NEW YORK – The Bush administration has no plans to ease its opposition to national limits on greenhouse gas output despite talk that a change may be under consideration, a White House spokeswoman said on Thursday.
“The president has said continually said that one of reasons he doesn’t like a mandated cap is because it has the potential to move jobs overseas and hurt the economy,” said Kristin Hellmer, spokeswoman for James Connaughton, the chairman of the White House Council on Environmental Quality. Growing concerns about global warming have prompted California, Arizona and seven Northeastern states to take steps to bypass President George W. Bush and set their own greenhouse limits.
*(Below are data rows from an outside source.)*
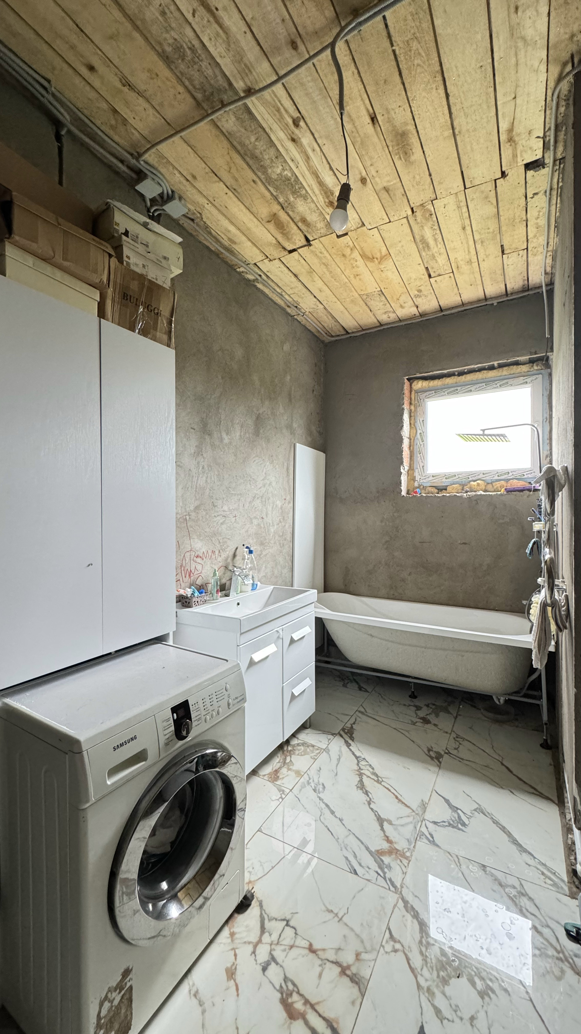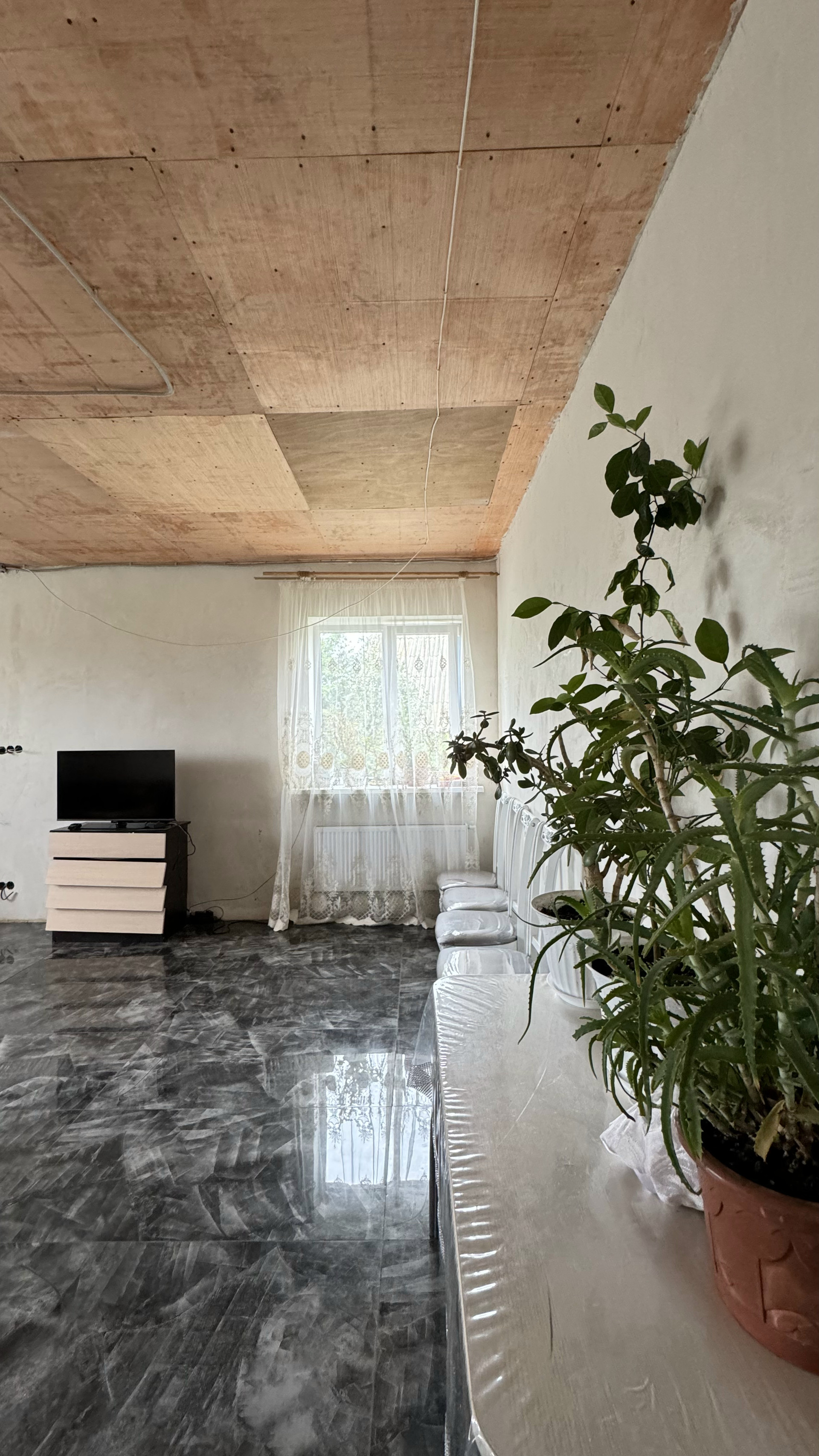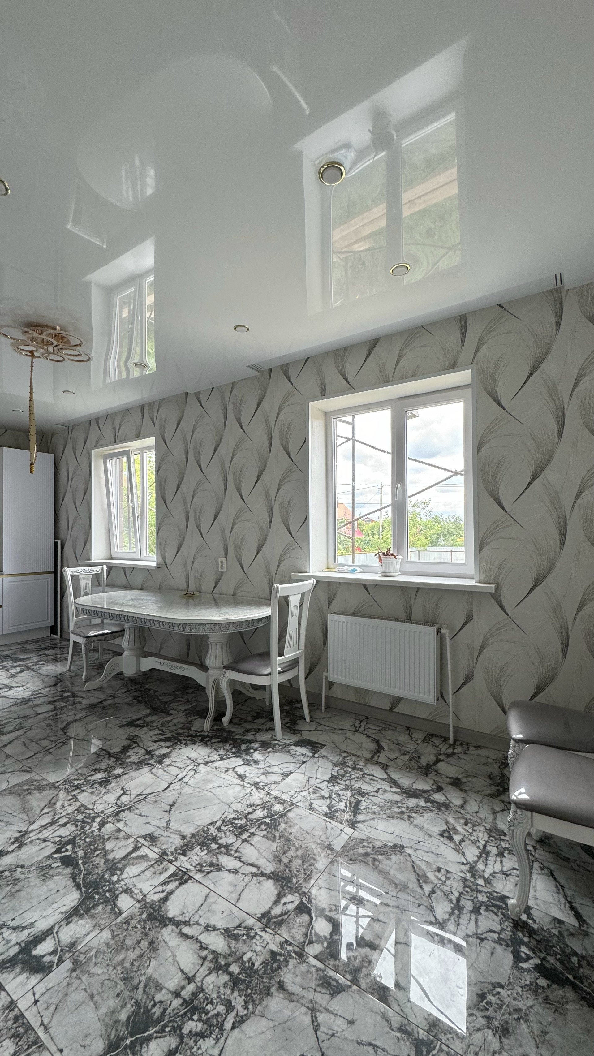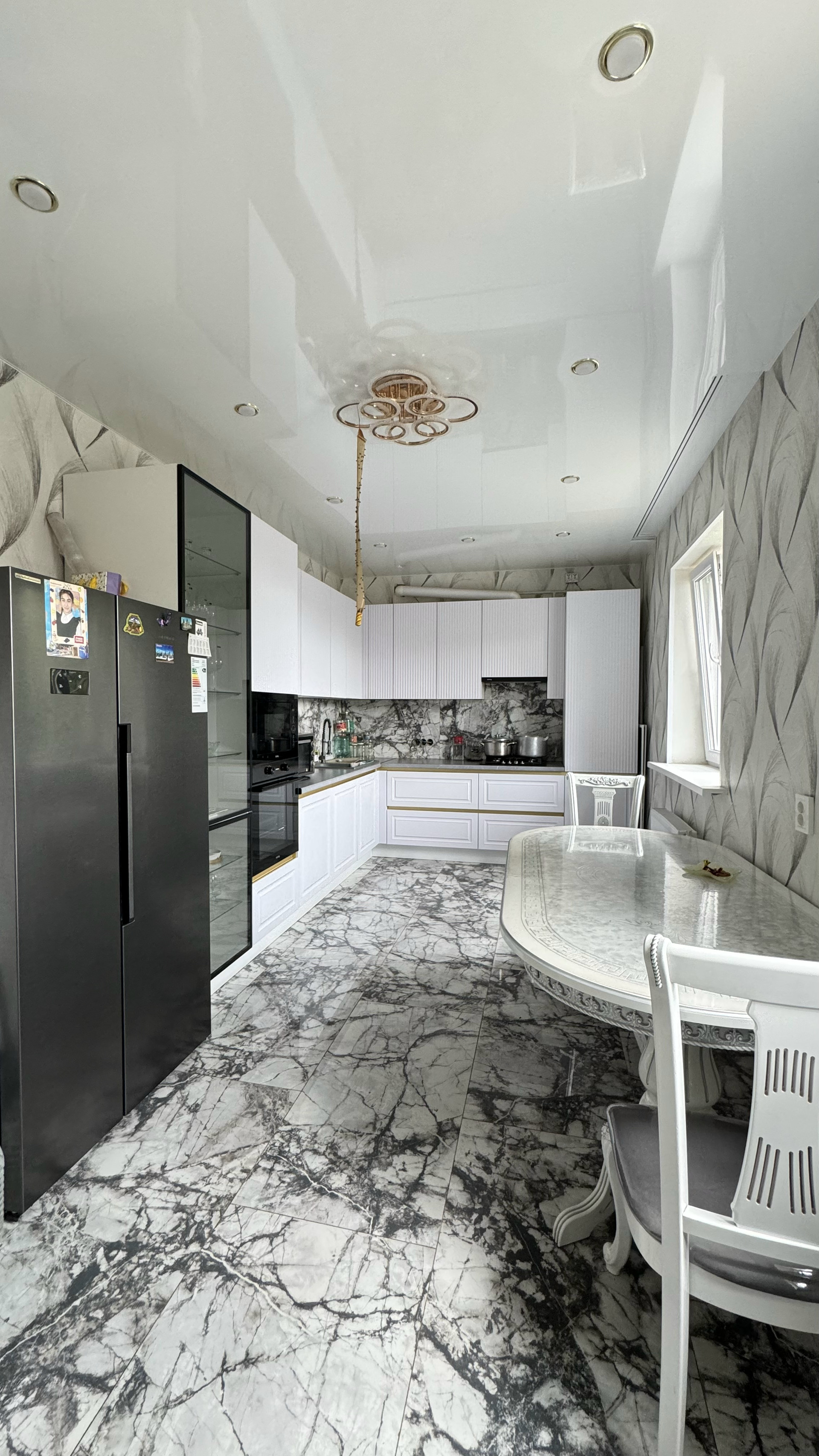 1 этаж: на полу уложена керамогранитная плитка под мрамор, натяжной потолок, на стенах наклеены обои, вся необходимая техника и сантехника установлены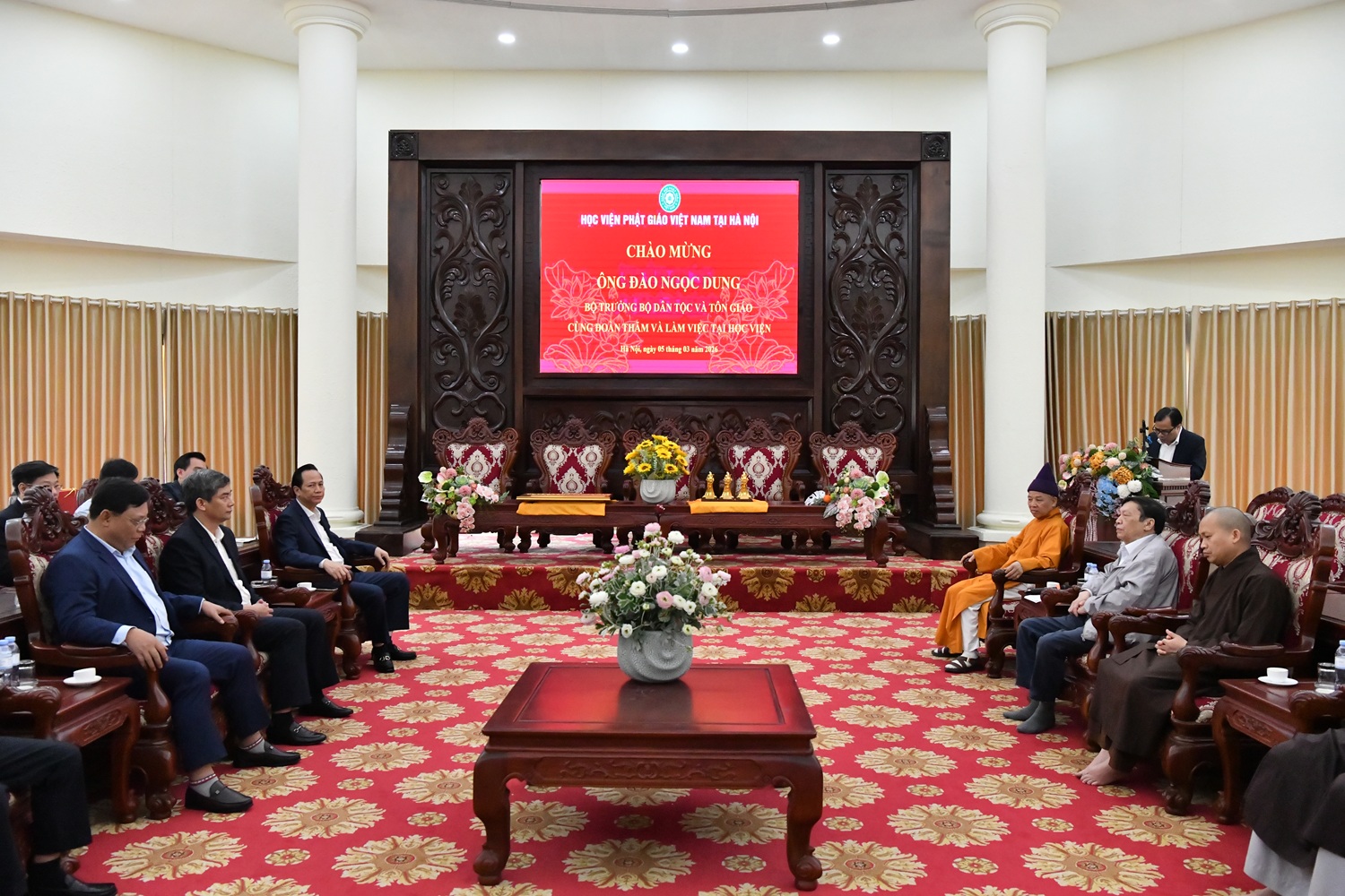 Phát biểu tại buổi làm việc, Bộ trưởng Bộ Dân tộc và Tôn giáo Đào Ngọc Dung đánh giá cao những kết quả của Học viện Phật giáo Việt Nam nói chung, và Học viện Phật giáo Việt Nam tại Hà Nội nói riêng, trong việc đào tạo, bồi dưỡng các tăng ni, phật tử trở thành những con người có tài, có đức, góp phần lan tỏa, phát huy giá trị tốt đẹp của Phật giáo cũng như đóng góp vào việc củng cố khối đại đoàn kết dân tộc. Bộ Trưởng bày tỏ mong muốn Học viện Phật giáo Việt Nam tăng cường trao đổi, phối hợp với các đơn vị trực thuộc Bộ, trong đó có Học viện Dân tộc để nâng cao hiệu quả trong công tác tôn giáo và công tác bồi dưỡng, đào tạo trong lĩnh vực tôn giáo.
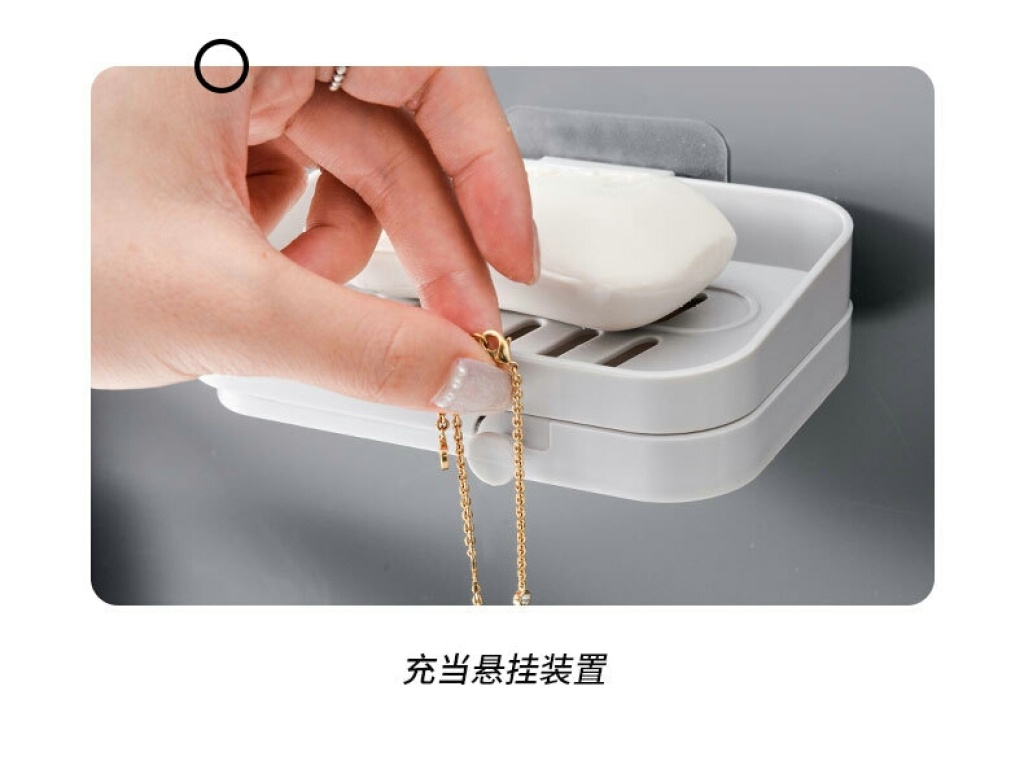 W16-2370新款双层黏贴肥皂盒塑料拆卸浴室香皂收纳架澡堂淋浴盒子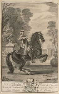 Parmi les planches, six portraits équestres représentent le prince Charles de N assau , Monsieur de K raut et trois des fils du duc de S aint -A ignan dont La Guérinière était le maître d’équitation.
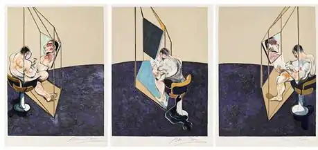 The triptych is similar to contemporary works by Bacon, including his 1969 triptych Three Studies of Lucian Freud, and has been described as an "explicit homage" to Degas's 1890s painting After the Bath, Woman Drying Herself, held by the National Gallery, London.[4] Each panel measures 198 centimetres (78 in) by 147.5 centimetres (58.1 in). The triptych is held by the Kunsthaus Zürich.[5]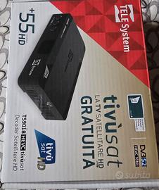 VENDO PER CAMBIO CASA KIT SATELLITARE TV SAT IN PRATICA NUOVO, UN ANNO DI VITA PERFETTAMENTE FUNZIONANTE IL QUALE PERMETTE DI RICEVERE SENZA ALCUN PROBLEMA TUTTI I CANALI DEL DIGITALE TERRESTRE, IN PIU' QUELLI DEDICATI A TV SAT TUTTI IL ALTA DEFINIZIONE. IL KIT E' COMPOSTO DA DECODER TV SAT TELE SYSTEM MODELLO TS9018 HEVC HD CON SCHEDA TV SAT COMPLETAMENTE GRATIS, BASTA REGISTRARSI CON IL NUMERO DELLA SCHEDA ONLINE IL TUTTO GRATUITO, PARABOLA METRONIC DA 80 CM CON CAVO SATELLITATE DI 10 METRI COMPRESO, DOPPIO ATTACCO PER FISSAGGIO SU PALO O MURO, E' STATO COMPRATO A PARTE UNA STAFFA DI 45 CM SEMPRE COMPRESA NEL KIT, PREFERISCXO LA CONSEGNA A MANO PER FARE VEDERE CHE LA PARABOLA E IL DECODER SONO IN PRATICA NUOVI.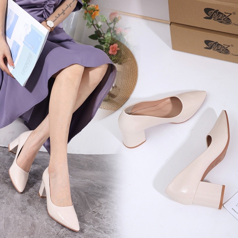 2$zq]inch,o(classic glossy leather pointed toe heels for women school offical%m_zv%shoes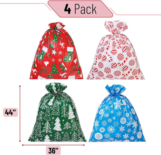 Extra Large Christmas Gift Bags, 4-Pack (36”x44”) – Jumbo Christmas Sacks for Big Gifts, Durable and Festive Holiday Gift Bags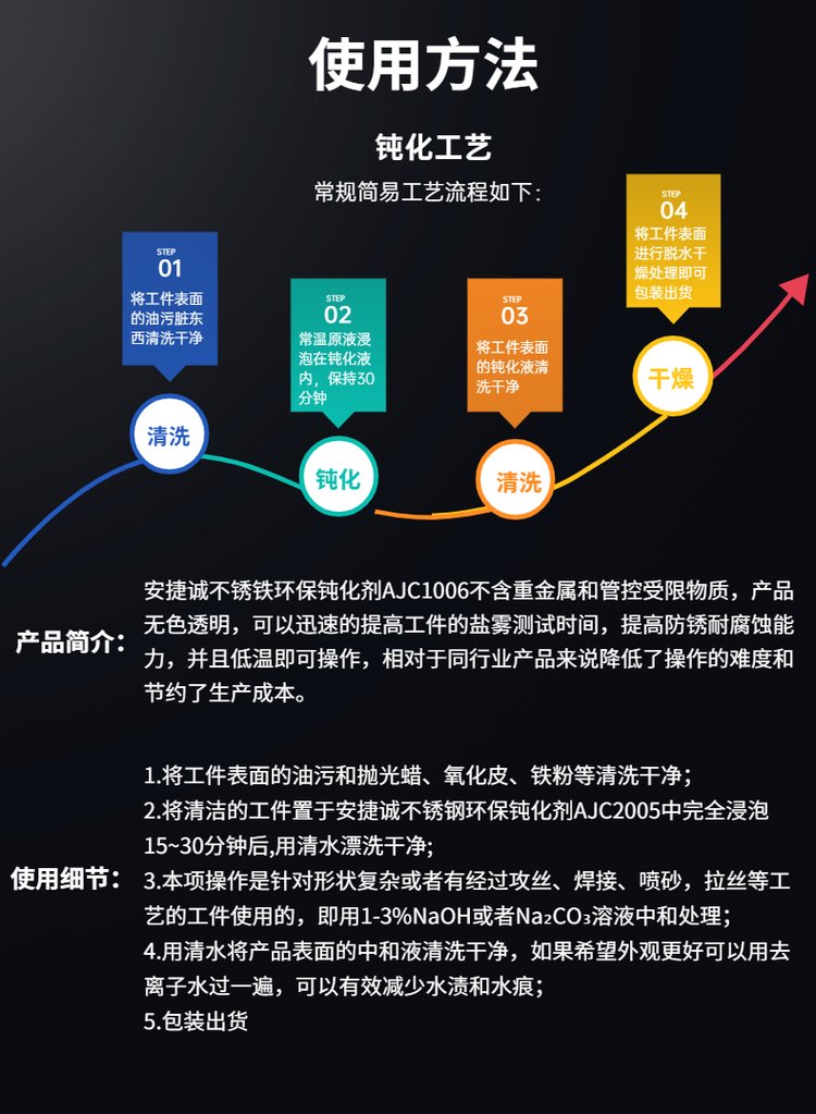 效果 | 提高不锈铁材质的防锈耐腐蚀能力 | ||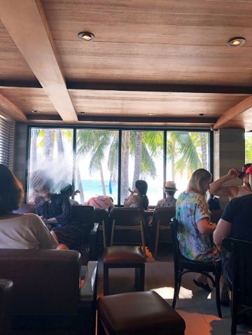 这家星巴克在白沙滩大街上,人挺多,需要排队。门口最旁边的架子上有各种杯子卖,还有当地特色的纪念杯。这里饮品的种类和国内大致差不多,价格却便宜了很多。楼上靠窗的位子很赞,看出去是一片椰子树,白白的沙滩,蓝蓝的海,很惬意。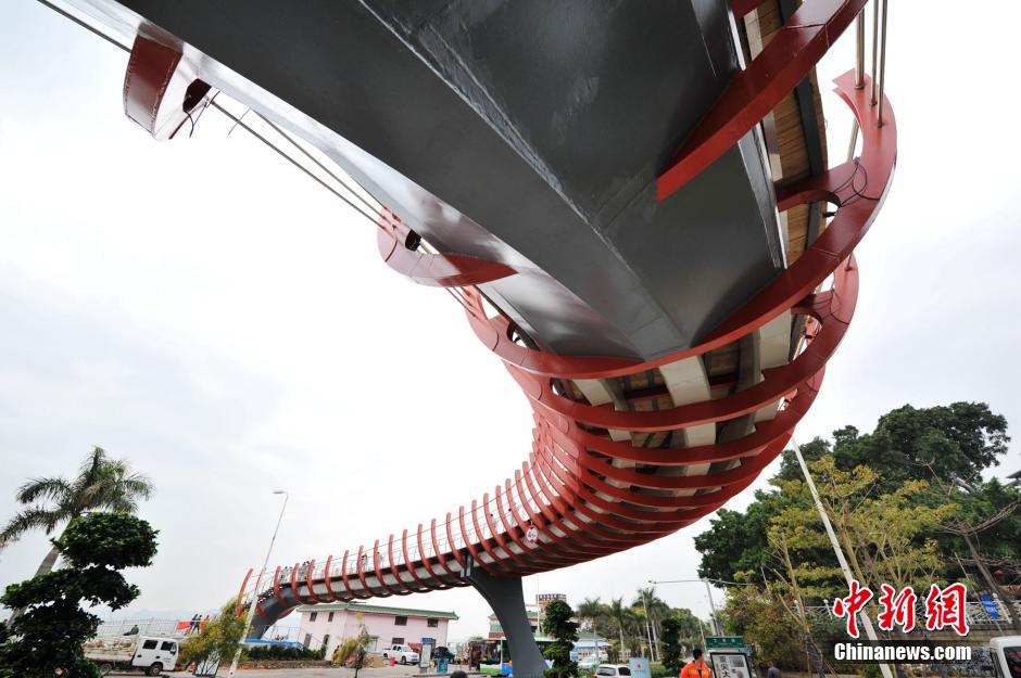 In the shape of fish bones, the most artistic overbridge in Xiamen is put into use on Jan. 28, 2015. Xiamen is famous for its fishing industry. That is the reason why the overbridge was designed in the shape of a fish with only bones. (Chinanews/Zhang Bin)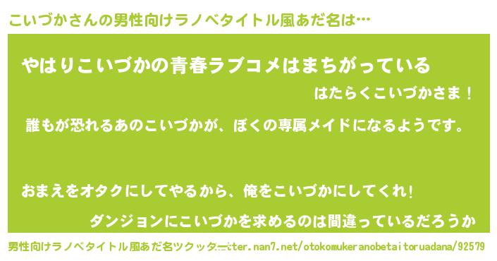 | 女子向けラノベタイトル風あだ名 | 『異世界でカフェこいづかを開店しました。』 |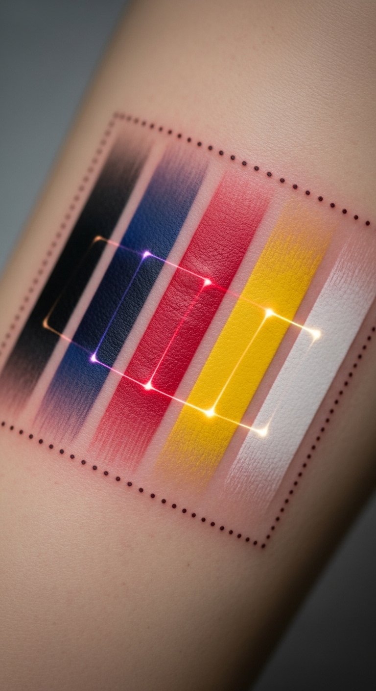 This design uses the original text as thematic inspiration: the palette and fading pixels symbolize how different ink colors respond to removal, the laser streaks represent treatment techniques cutting through darker tones, and the floral tendrils soften the technical imagery to convey renewal and care. Emotionally it balances clinical precision with hope—acknowledging challenge while suggesting a fresh start. Ideal placement is the outer upper arm or shoulder where medium size allows clear color detail and room for future expansion or alteration.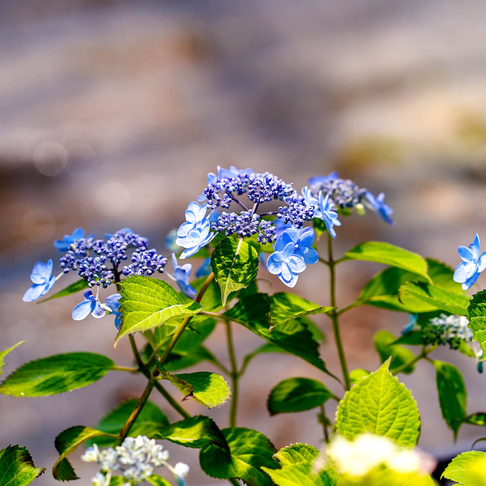 ヤマアジサイは本州では関東より西、また四国、九州などの山地にみられます。湿り気のある山地などに生育しているため、半日陰の環境を好みます。日当たりの良すぎる場所は避けてください。ガクアジサイよりも葉が細く、産毛があり、薄く、光沢がありません。別名”サワアジサイ”とも言います。ヤマアジサイは西洋アジサイに比べ生育が比較的遅いことから、病気と思われがちですが、この品種の性質からくるものです。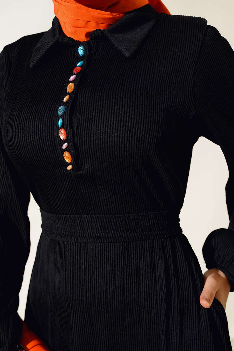 Boydan Düğmeli Tencel Kot Elbise Füme

Bush pulled out of the 163-nation Kyoto Protocol on global warming in 2001, saying it would hurt the economy and unfairly left rapidly developing countries like China and India without limits on emissions. A national cap on emissions would mean heavy industries in the United States, the world’s top emitter of greenhouse gases, might have to make big decisions, like investing in alternative energy or clean-burning natural gas. Hellmer said Bush is sticking with his 2002 plan calling for voluntary reductions, with an eye to trimming greenhouse emissions intensity – or emissions per unit of economic output of the US economy – by 18 percent by 2012. “If we’re not meeting (the emissions intensity) goal, (Bush) has always said he will look at new policies and new ideas,” Hellmer said. “But now we are on track to meet that goal.”
Critics of Bush’s voluntary greenhouse plan say it is too lenient to industry, especially as overall US greenhouse gas emissions have risen 13 percent since 1990.